The clinical manifestations of AD vary with age, with infants showing AD on the extensor surfaces of extremities, face, neck, scalp, and trunk. Children are typically affected on the flexural surfaces of extremities, neck, wrists, and ankles, while adolescents and adults are generally affected on the flexural surfaces of extremities and the hands and feet. Patients often experience worsening itching symptoms throughout the night, and this may result in sleep loss, which can result in detrimental effects pertaining to school or work. Individuals with AD may also suffer from the social stigma of having a highly visible condition. Overall, these patient experiences describe a physically and mentally exhausting condition that can result in anxiety, depression, and decrease in quality of life.

Itching is the major symptom associated with impact on quality of life. For example, a US-based survey found 91% (n=304) of patients with eczema experienced itching on a daily basis, and 36% of patients identified decreasing the amount of itch to be their primary treatment goal. Furthermore, itch has been associated with mental distress and increased risk for suicidal ideation in those with AD. Of note, emotional stress has also been shown to increase itching, implying a bidirectional relationship.

Sleep disturbance is a frequent consequence of itching and is experienced by approximately two-thirds of patients with AD. Patients with sleep disturbance report difficulty initiating and maintaining sleep, which leads to daytime fatigue. Children with AD who experience sleep disturbances are associated with higher rates of developing attention-deficit/hyperactivity disorder, headaches, and short stature. Sleep disturbances experienced by adults with AD are associated with poor overall health perception.

Complications of atopic dermatitis (eczema) may include:

    • Asthma and hay fever. Eczema sometimes precedes these conditions. More than half of young children with atopic dermatitis develop asthma and hay fever by age 13.
    • Chronic itchy, scaly skin. A skin condition called neurodermatitis (lichen simplex chronicus) starts with a patch of itchy skin. When one scratches the area, it becomes even itchier. Eventually, one may scratch simply out of habit. This condition can cause the affected skin to become discolored, thick, and leathery.
    • Skin infections. Repeated scratching that breaks the skin can cause open sores and cracks. These increase the risk of infection from bacteria and viruses, including the herpes simplex virus, as well as fungal infections.
    • Irritant hand dermatitis. This especially affects people whose work requires that their hands are often wet and exposed to harsh soaps, detergents, and disinfectants.
    • Allergic contact dermatitis. This condition is common in people with atopic dermatitis.
    • Sleep problems. The itch-scratch cycle can cause poor sleep quality.
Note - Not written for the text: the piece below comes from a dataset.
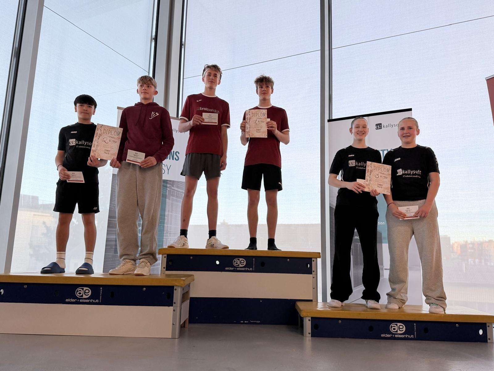Im Einzel spielte Lars im stark besetzten Pool A und erreichte mit zwei Siegen in vier schwierigen Spielen den beeindruckenden sechsten Platz. Maurice spielte erstmals im Pool B und konnte nach sehr harten, knappen Spielen gleich zwei Siege erzielen und landete auf Platz neun. Nils spielte in Pool C, gewann auch zwei Spiele — darunter mit 28:26 in einem dritten Satz — und landete auf Platz zehn. Joah spielte in Pool D, hatte wie immer extrem umkämpfte, lange Spiele, konnte schlussendlich zwei davon gewinnen und landete auf Platz sechs.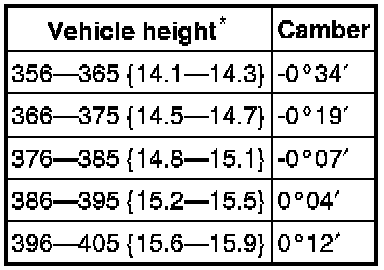 - 16-inch wheel: 1.1±2.6 mm {0.04±0.10 in} (0°09′±0°22′)

Atopic dermatitis is a complex, chronic inflammatory skin disorder with a profound symptom burden, and substantially affects patients' quality of life. The common, chronic, relapsing-remitting inflammatory disease can be challenging to treat. While there is no cure for AD, there are several therapeutic options available to patients to manage the condition. The majority of patients treat AD using general skin care methods, avoiding skin irritants, and applying topical anti-inflammatory therapy. However, these common methods often fail to improve AD, leading patients to use off-label systemic therapy (e g , immunosuppressant therapy) or other therapies such as phototherapy. The goals of AD management are to prevent flares (episode of worsening of symptoms typically requiring escalation of treatment) and to effectively manage flares when they occur by preventing AD progression, however this is easier said than done.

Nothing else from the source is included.